Spengler,
“Il tramonto dell’Occidente”, p. 54, ha una serie di grandi tedeschi “vittime
del Sud”,
“cominciando dall’imperatore Ottone III, che
fu la prima vittima del Sud, fino a Nietzsche”, che ne fu l’ultima”. Il Sud
deprecato da Spengler è quello classico, greco e romano, ai quali vuole che si
contrappongano i “secoli vivi” del Medio Evo.
Ma di Ottone III dice il nazionalista Thomas
Mann nel “Doktor Faustus”: “Quando morì dopo la cacciata dalla sua Roma
diletta, le spoglie furono portate in Germania contro il suo sentimento, era un
campione di auto-antipatia tedesca e tutta la vita aveva pudicamente sofferto
di essere tedesco”.
Luchino Visconti, grande regista e
personaggio ingombrante, per mezzo secolo, è dimenticato.
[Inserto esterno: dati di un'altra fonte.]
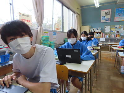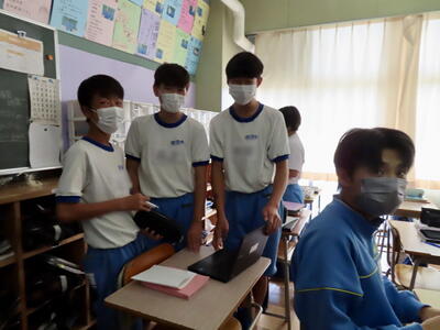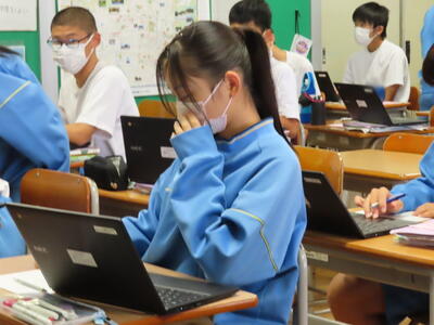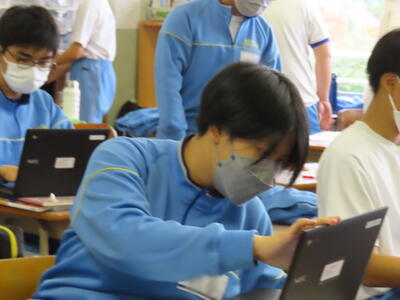 本日は、授業の様子をお伝えします。金曜日のしらさぎ祭の興奮冷めやらず、合唱のビデオを鑑賞しながら振り返りを行うクラス、中間テストの返却があり解答を仲間と話し合うクラス、ICT機器を活用しながら授業を行うクラス、それぞれですが、みんな熱心に活動に取り組んでいます。

Salvo che per “Il
Gattopardo”, come se non avesse fatto altro - assortito con “Rocco e i suoi
fratelli”, ma poco, il drammone si regge ora poco, troppo melodramma. Resta
come testimone del Sud, di un certo Sud cui piace fissare quello vero. Con
compiacimento dello stesso Sud: piace pensarsi aristocratici un po’ gualciti.
Gli svedesi visti in tv nella partite
con l’Italia sono stati violenti e simulatori, di proposito, sempre lì a
lamentarsi con l’arbitro. Tutti l’hanno visto in tv. Ma erano svedesi tipici, alti
e biondi, e la cosa non è stata sanzionata, nemmeno deprecata. Violenza e
simulazione sono meridionali.
Fa senso la mafia senza complessi di
Ostia. Che in una città presidiata speciale su ordine del ministro dell’Interno
compie attentati e manda “avvertimenti”. Ostia esemplifica un concetto
semplice: che la mafia non è un fatto etnico, come vuole la sociologia dei
Carabinieri, ma è insorgenza quasi naturale quando i Carabinieri non vedono o
si girano dall’altra parte.
Dove i delitti vengono puniti le mafie
non allignano. Anche se fossero “solo” delitti contro la proprietà: è questo il
campo di marte delle mafie, a Ostia e altrove.
Fa senso lo spreco di televisioni e
giornali in morte di Riina. Per chi ha vissuto e vive in aree di mafia. E anche
per chi ne è lontano, che lo sa killer selvaggio e organizzatore di orribili
stragi. Che c’è in quest’uomo da ricordare?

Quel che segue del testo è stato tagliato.